The process is passive and a bit complicated as a fixed action that needs to be performed at least twice a day. In particular, the fifth step, the sixth step need network access, if the mobile phone network access is not stable (WiFi, 4G signal is not good, etc., when sitting, waiting for the elevator is easy to encounter this situation), any step will be stuck and can not be queried; There are also some students for a variety of reasons did not pay attention to netease genie public number, unable to check today’s menu.

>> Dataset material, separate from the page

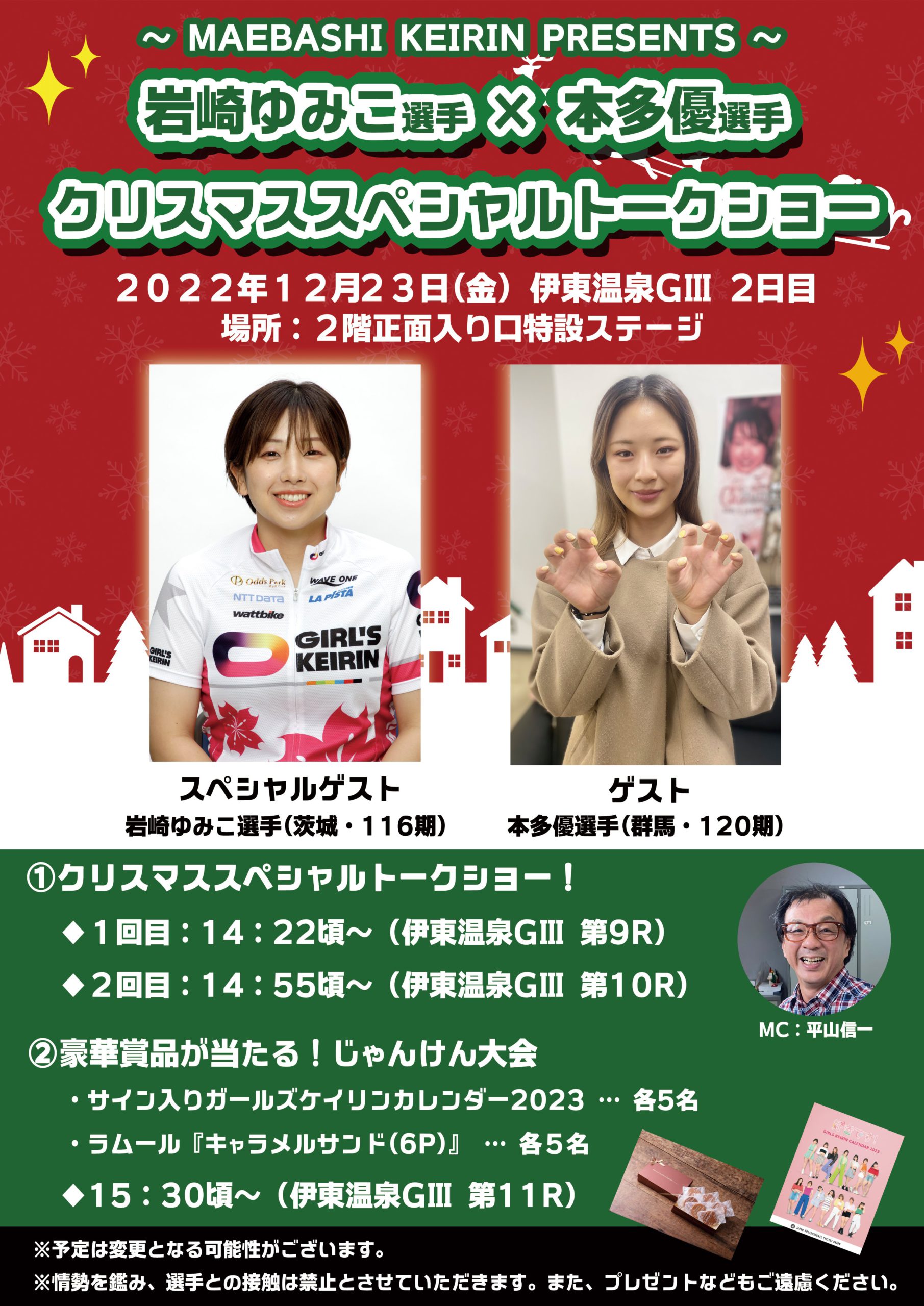2022年12月23日(金)、前橋競輪場にて岩崎ゆみこ選手(茨城・116期)と本多優選手(群馬・120期)によるクリスマススペシャルトークショーを実施します。

So I thought, is there an easier way to directly push the daily menu content to the mobile phone actively, and you can view the menu with a simple click?

  1. Click push message

  2. View today’s Menu

I had the idea and I did it.

This can be broken down into three steps:

  1. Data capture

  2. The data processing

  3. Data push

More on that below.

Data capture

To crawl recipe data, you first need to know where the information is being queried. I have not done the development of wechat official accounts, but according to general experience, whether wechat or wechat official accounts published articles are generally a simple HTTP page. To find the source of the daily menu data, find the pattern of these HTTP page addresses.

There are many ways to grab a mobile network request. The most convenient way is to run a tool like tcpdump in the background of the mobile phone, and access the Today menu of easy to catch the desired results. However, as my phone is iOS without jailbreak, it is impossible to do so due to sandbox mechanism.

The last method is to run a MITmProxy1 service on the computer of the same network, and specify the HTTP Proxy address of the mobile phone as the address of the computer. Open the link of today’s menu in Yixin, and you can see a string of HTTP access records of the mobile phone in MitmProxy. This contains the HTTP URL that we want to grab today’s menu.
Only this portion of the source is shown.